Auch Uta Steybe, Beauftragte für Chancengleichheit und demografischen Wandel bei der Stadt Aalen, kann sich vorstellen, dass Frauen und Kinder in den kommenden Woche zum Opfer werden könnten. „Wenn in der häuslichen Isolation Alkohol eine Rolle spielt, ist häusliche Gewalt nicht mehr weit“, so die Beraterin. Bislang sei es aber im Zuge der Corona-Krise noch nicht zu vermehrter Gewalt gekommen. Diesen Eindruck bestätigt auch Rudolf Biehlmaier, Pressesprecher des Polizeipräsidiums Aalen. Einen Anstieg der Straftaten im Bereich der häuslichen Gewalt spüre man derzeit noch nicht. Allerdings sei der Betrachungszeitraum hier noch zu kurz.
Bei der Stadt Aalen hat man in den vergangenen Tagen viele neue Hilfsangebote initiiert. Eine davon ist eine Hotline, bei der Hilfe in unterschiedlichen zehn Sprachen, nämlich Türkisch, Russisch, Englisch, Französisch, Urdu, Tamil, Albanisch, Persisch, Arabisch und Kurdisch, angeboten wird.
Die Telefonberater sind zum Einen Mitarbeiter von Uta Steybe, zum Anderen Flüchtlinge, die von sich aus ihre Hilfe angeboten hatten. „Dadurch dass diese sich gemeldet und gefragt haben, wie sie helfen können, sind wir überhaupt auf die Idee gekommen, diese Hotline anzubieten“, so Steybe. Die Berater sitzen, räumlich getrennt, in den Räumen der Volkshochschule. Dabei ist sicher gestellt, dass immer ein sozialpädagogischer Mitarbeiter dabei ist, um im Problemfall entsprechend handeln zu können.

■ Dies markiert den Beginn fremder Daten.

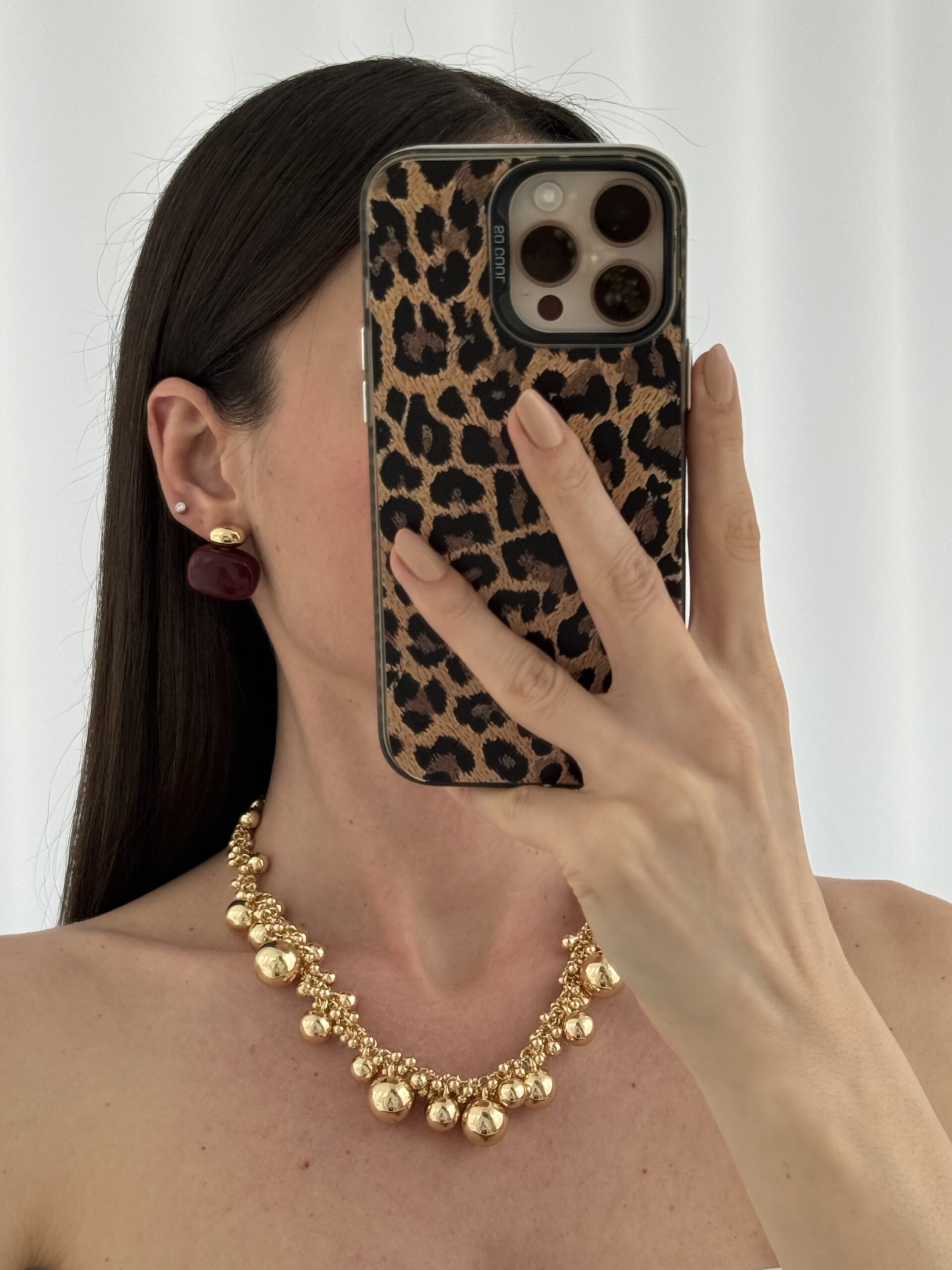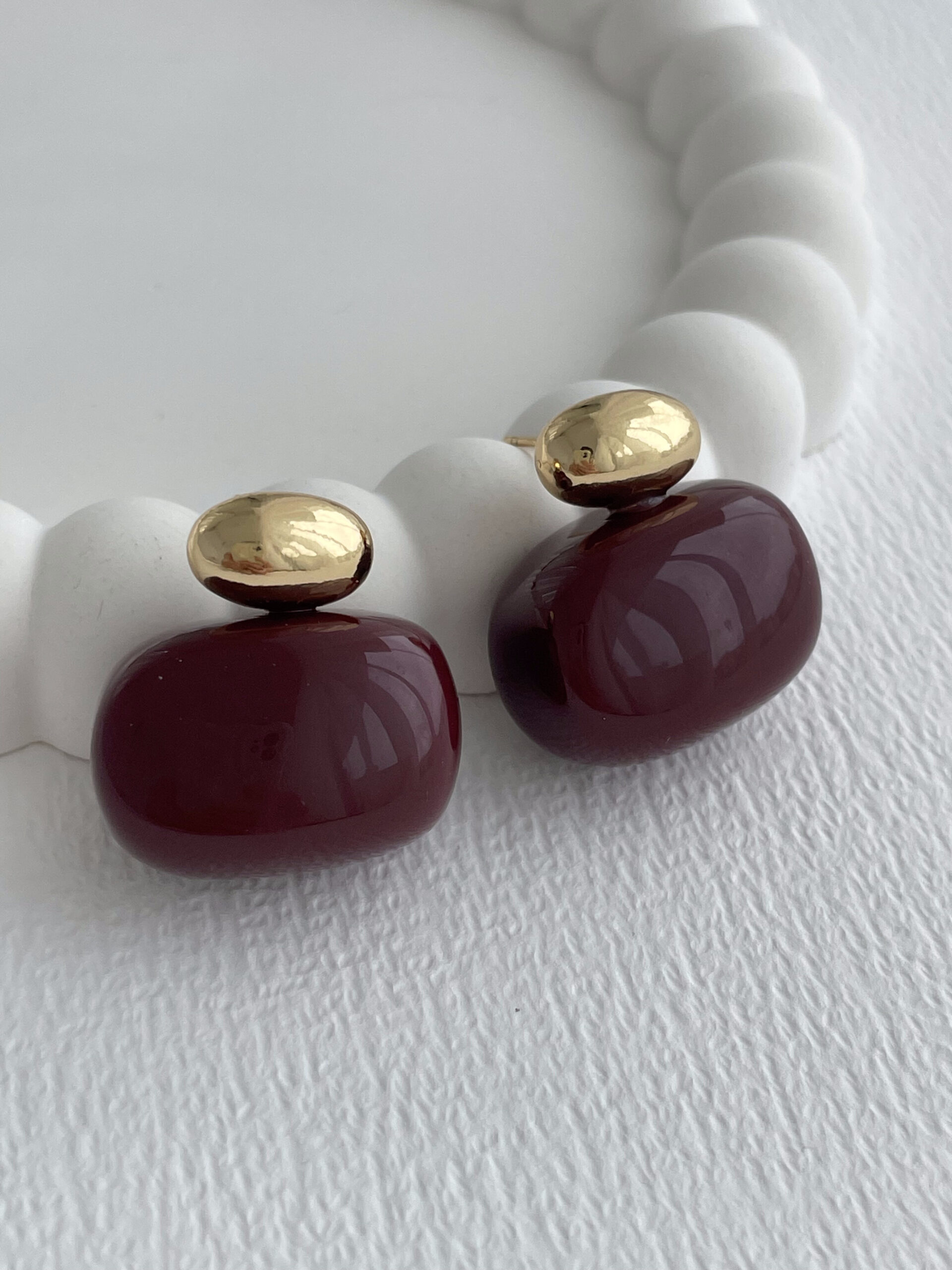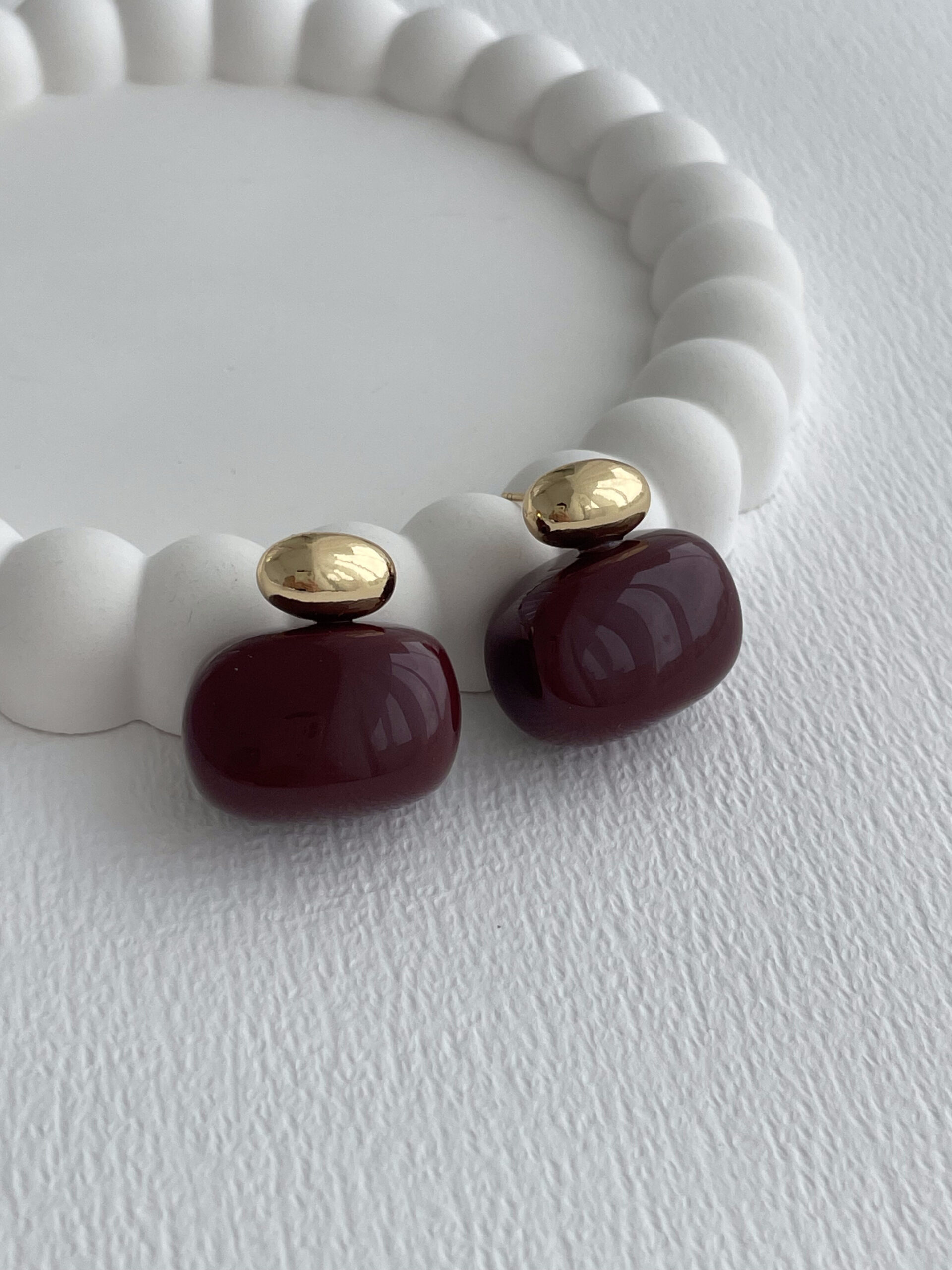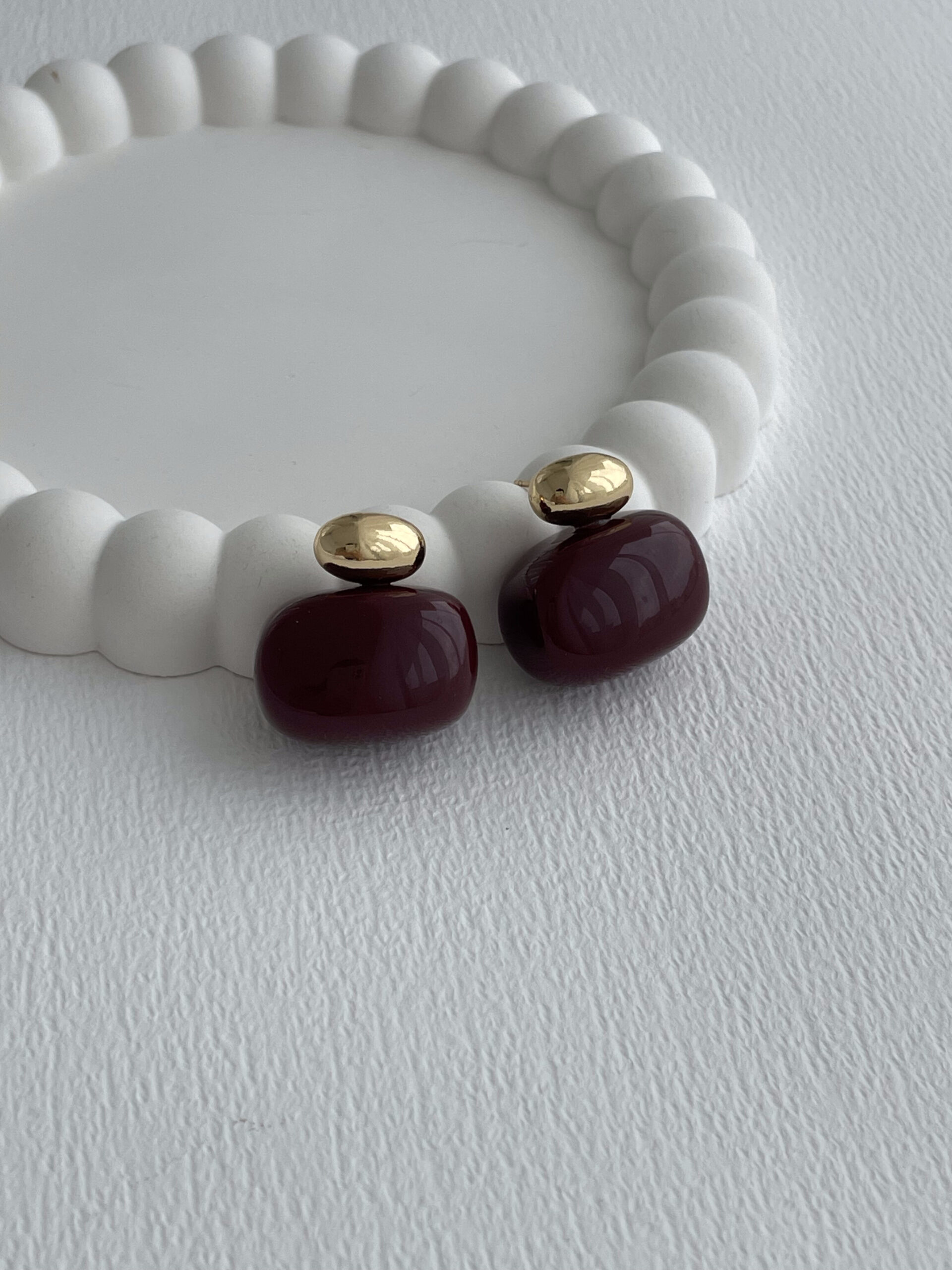 Özel Seri Bordo Kemik Top Detay Gold Küpe

Die Anrufer bewegt zum Teil die Krankheit, aber auch die Folgen. So wollten viele wissen, wann man in Quarantäne muss oder wie das Testverfahren ablaufe, so Steybe. Eine Anruferin sei stark depressiv gewesen, mit ihr habe man direkt einen Arzttermin vereinbart. Menschen mit Fluchterfahrung seien zum Teil über die einschneidenden Änderungen, die die Corona-Krise im Alltag mit sich bringe, re-traumatisiert. „Der neuralgische Punkt war hier die Schließung des Rathauses“, so Steybe. Bis jetzt sei geplant, die Hotlines bis Ostern zu schalten und dann zu evaluieren.